══ DATASET CONTENT

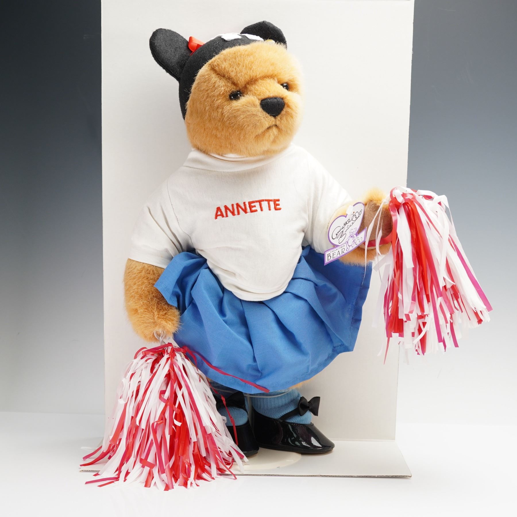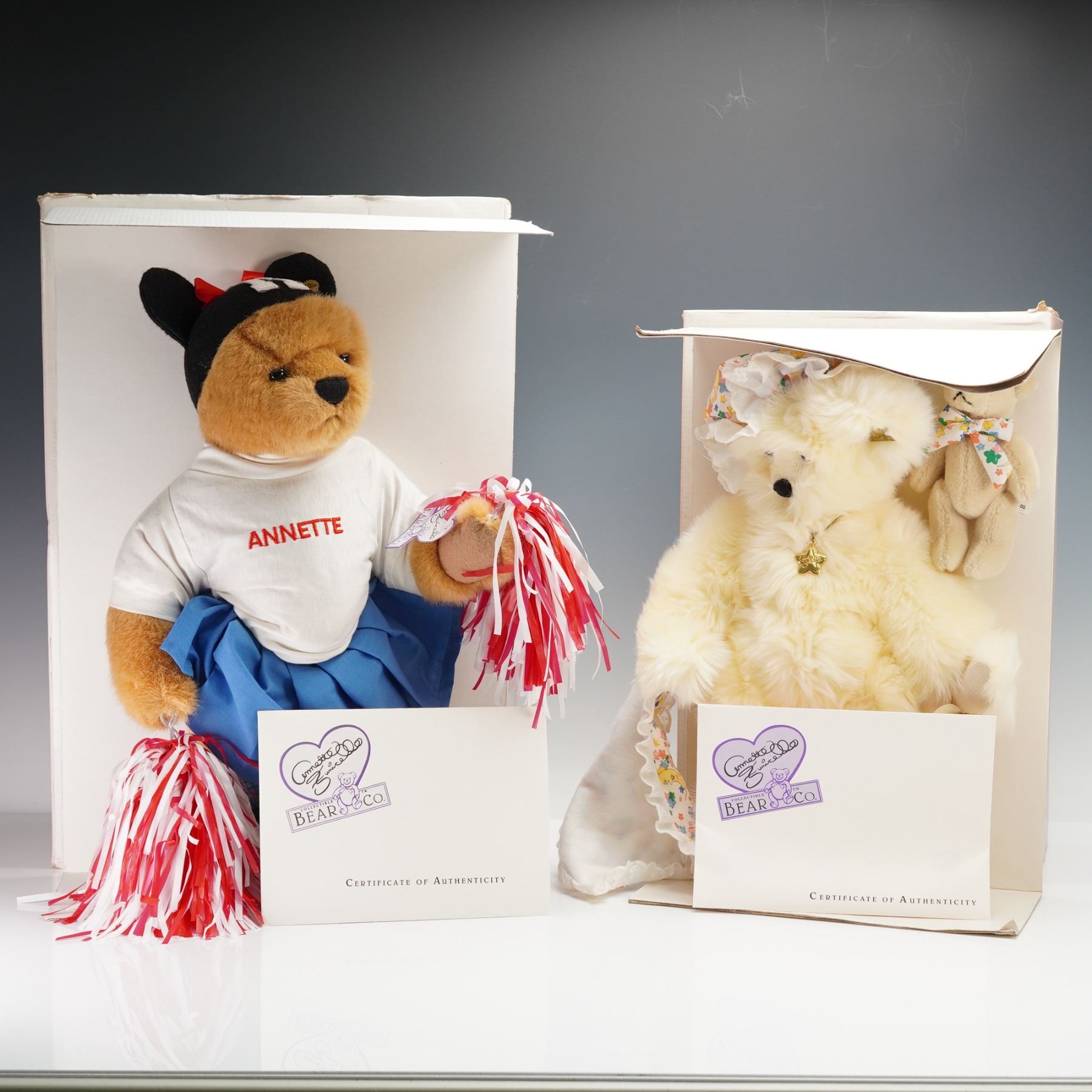 This 2-piece bear set by Annette Funicello Collectible Bear Company features two plush bears. The first bear is dressed in a pink outfit with a bonnet, and the second bear is modeled after Annette Funicello's character from the Mickey Mouse Club, dressed in a cheerleader uniform with a white top, blue skirt, and pom-poms. This item has its original box. Certificate of Authenticity included.
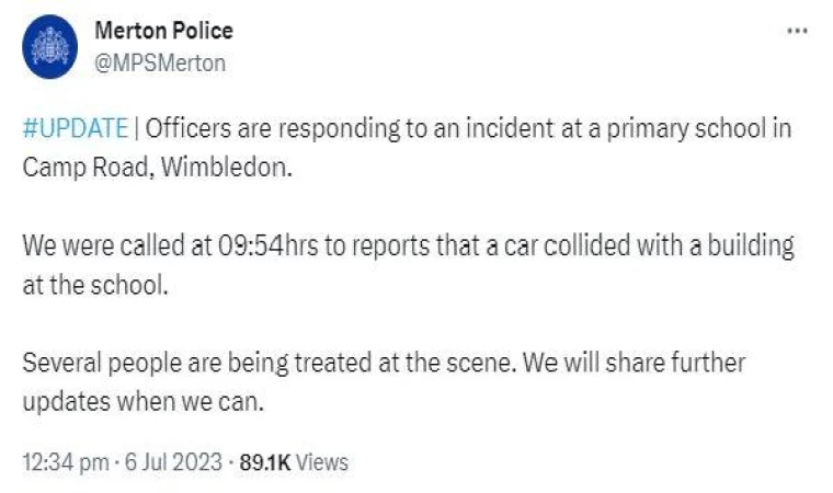 Wimbledon bölgesindeki Camp Caddesi'nde meydana gelen olay, ilkokula yönelik bir otomobil saldırısı olarak yaşandı. Merton Semti Polis Departmanı tarafından yapılan açıklamada, olay yerinde bulunan birkaç kişinin tedavi edilmekte olduğu ve gelişmelerin paylaşılacağı belirtildi. Ayrıca Londra İtfaiyesi ve Londra Ambulans Servisi'nin de olay yerine ulaştığı ifade edildi.
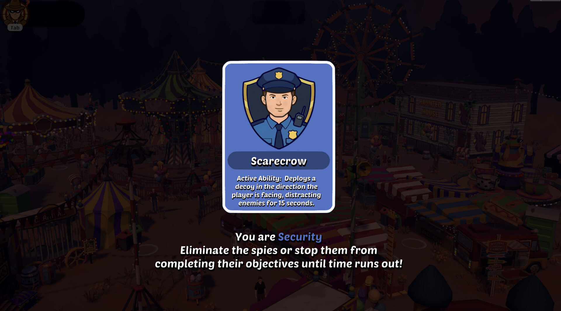 Spy Carnival is a 2-8 player social deduction game set in a vibrant, chaotic funfair. Spies hide among the crowd, sabotaging rides and eliminating visitors while blending in with the NPCs. Officers must stay sharp, read the crowd and take down the spies before the carnival turns into complete chaos.
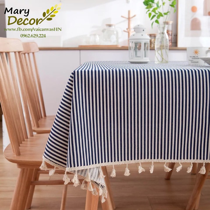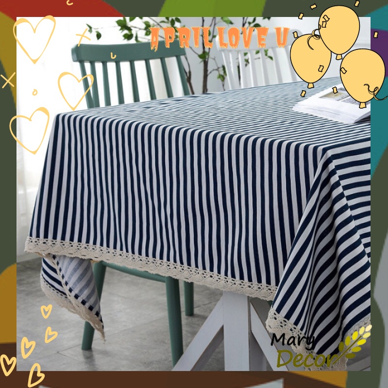 Nhà cửa & Đời sống > Trang trí nhà cửa > Khăn trải bàn || Khăn trải bàn Họa tiết Họa tiết Sọc xanh to viền ren (đủ kích thước) - I07Còn hàng

════

### AIM OF THE EXERCISE
Omit every picture, then reproduce the rest of the listing exactly.

### RESULT FOR THIS EXERCISE
 This 2-piece bear set by Annette Funicello Collectible Bear Company features two plush bears. The first bear is dressed in a pink outfit with a bonnet, and the second bear is modeled after Annette Funicello's character from the Mickey Mouse Club, dressed in a cheerleader uniform with a white top, blue skirt, and pom-poms. This item has its original box. Certificate of Authenticity included.
 Wimbledon bölgesindeki Camp Caddesi'nde meydana gelen olay, ilkokula yönelik bir otomobil saldırısı olarak yaşandı. Merton Semti Polis Departmanı tarafından yapılan açıklamada, olay yerinde bulunan birkaç kişinin tedavi edilmekte olduğu ve gelişmelerin paylaşılacağı belirtildi. Ayrıca Londra İtfaiyesi ve Londra Ambulans Servisi'nin de olay yerine ulaştığı ifade edildi.
 Spy Carnival is a 2-8 player social deduction game set in a vibrant, chaotic funfair. Spies hide among the crowd, sabotaging rides and eliminating visitors while blending in with the NPCs. Officers must stay sharp, read the crowd and take down the spies before the carnival turns into complete chaos.
 Nhà cửa & Đời sống > Trang trí nhà cửa > Khăn trải bàn || Khăn trải bàn Họa tiết Họa tiết Sọc xanh to viền ren (đủ kích thước) - I07Còn hàng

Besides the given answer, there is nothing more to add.